[net.lang.c++] static members

bs@alice.UucP (Bjarne Stroustrup) (04/08/86)

Nathan C. Myers (orstcs!nathan) writes

> I have pencilled in all of bs's corrections from the second edition of the
> book.  Are there additional language specifications elsewhere?

No.

> With strong type-checking, there's little reason *not* to make globals
> default to static.  I would call it a feature.

I tried that. It worked, but the pressure for C compatibility was immense
(and not all just backward looking). One convincing argument is that since
C and C++ will live side by side in many environments for years to come
there should be no programs that is legal C and legal C++ but have different
meanings. Defaulting to the scope of non-local variables to be the source
file (C static) rather than the whole program (C extern) puts lots of
innocent looking programs in this catagory.

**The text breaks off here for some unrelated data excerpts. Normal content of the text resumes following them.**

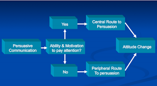Figure 1: Elaboration-Likelihood Model (Petty & Cacioppo, 1979)Indeed, the specific emotions of disgust and fear have been shown as effective in behaviour change through numerous studies covering several domains. For example, Evans et al. (1970) presented junior high school students with persuasive appeals regarding teeth cleaning. They received one of five types of persuasive appeal: High fear, lower fear and positive were all followed by specific recommendations; the fourth involved only specific recommendations and the fifth involved an elaboration of the specific recommendations. It was found that although positive communication resulted in greater information retention, high and low fear groups reported stronger intentions to behave than the positive and elaboration groups. In addition, the high fear appeal group showed greatest reported behaviour change, measured by reported tooth brushing behaviour. However, when assessing actual behaviour change, fear appeals were less effective. Therefore, fear is effective in altering reported behaviour change but not actual behaviour change.
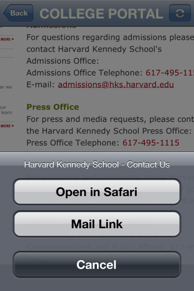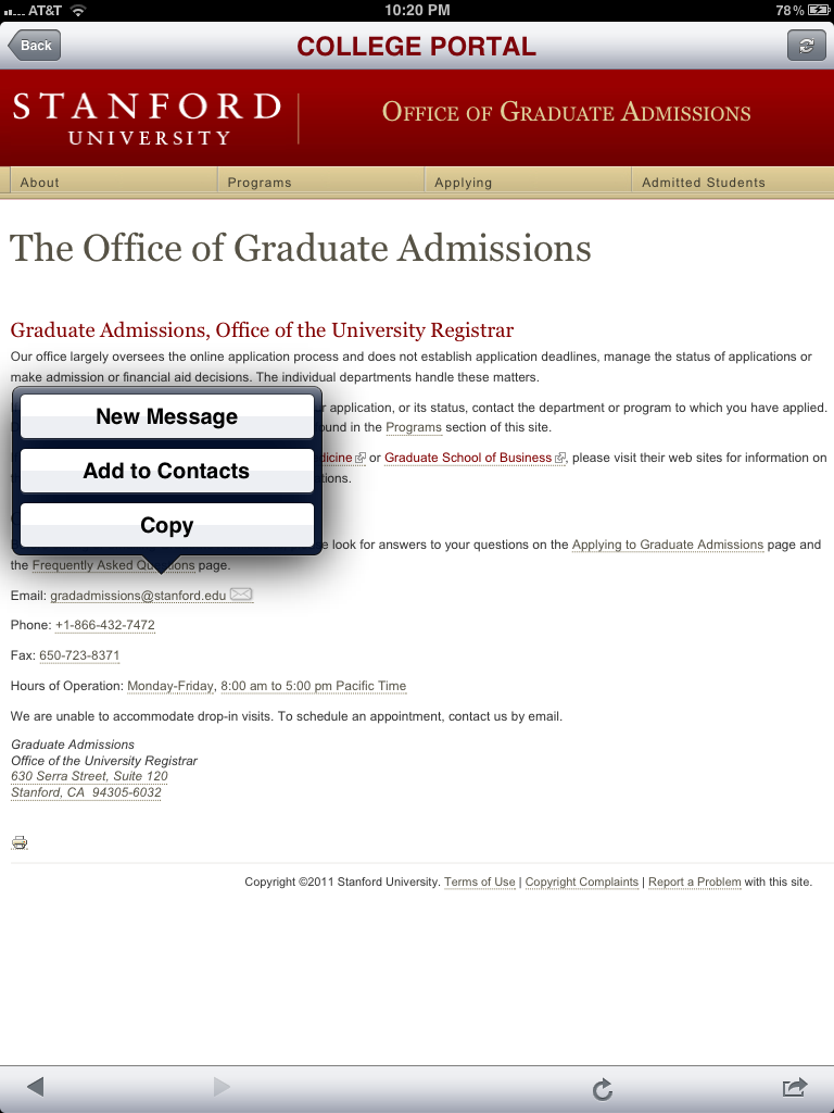 Once you find the admission web page, you send email for catalog or brochures, even ask questions. Add contact to your own contacts!
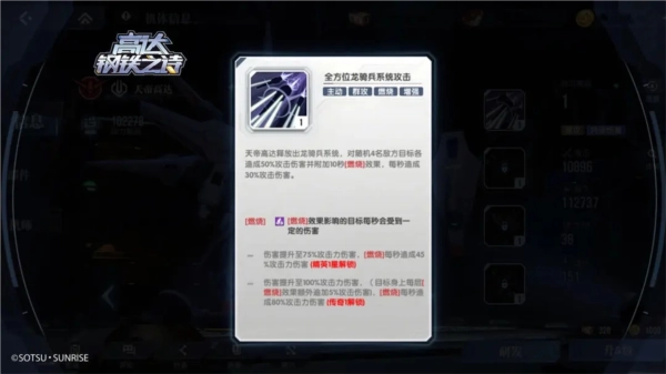 明确核心要点后,搭配队友的思路就变得清晰了。前期能获取的正义高达,它的主动技能【同时攻击】和被动技能【命运-00】可以对敌人造成燃烧效果,这与自由高达的特性十分契合。
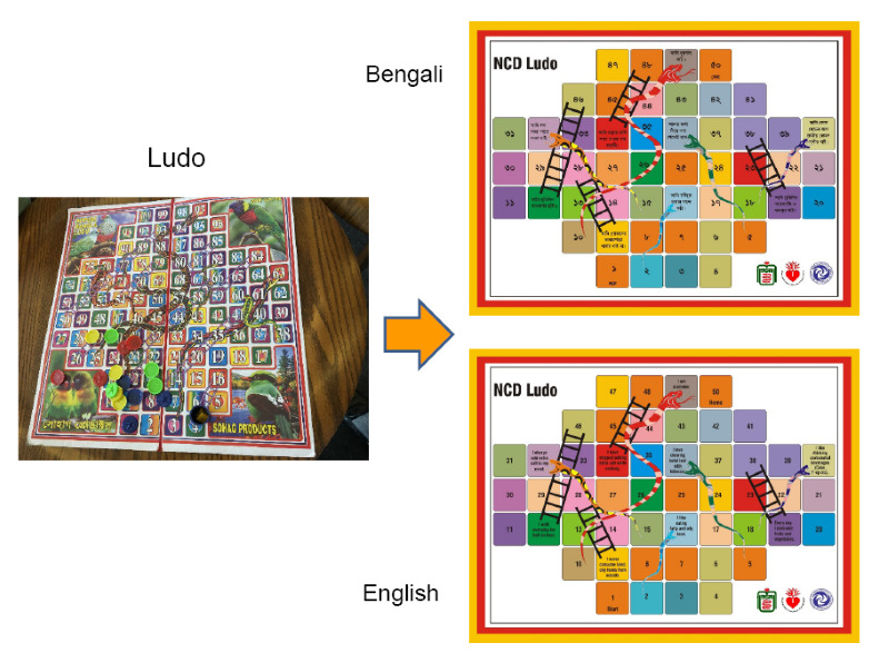 In Bangladesh, we recruited 13 young community women with at least secondary level education and conducted a one-day workshop in November 2016. We tried several health topics and educational tools, including a board game, demonstration of sugar and salt amount, etc., and found that a popular local board game could be modified as an educational tool (Figure 1). We developed a health education module composed of a lecture, Q & A about risky behaviour, NCD board game, and role plays.

> I suspect Dr. Stroustrup is beginning to regret allowing statics in
> classes, with all the worm-cans opening.

No. Static members are useful as implemented and can be implemented in general
without serious problems (allowing the initializer syntax for static members
and ensuring that these initializers refer only to stuff that can be handled
is no big deal). The snag is that class declarations tend to appear in header
files and header files tend to be included in several compilations. A static
member should be initialized exactly once. You need loader support to ensure
that. As usual, a single loader can easily be improved to handle this, but you
cannot fix every loader in the world so by removing the restriction you create
a serious compatibility problem. - hence the restriction. Like C's 8 character
limit for identifiers the no-initializers-for-statics restriction is a price
we have to pay for portability.

Most consts could be handled without encountering this problem.

Personally I stick to things like pointers and integers a static members.
Since they are default initialized to 0 I don't run into problems.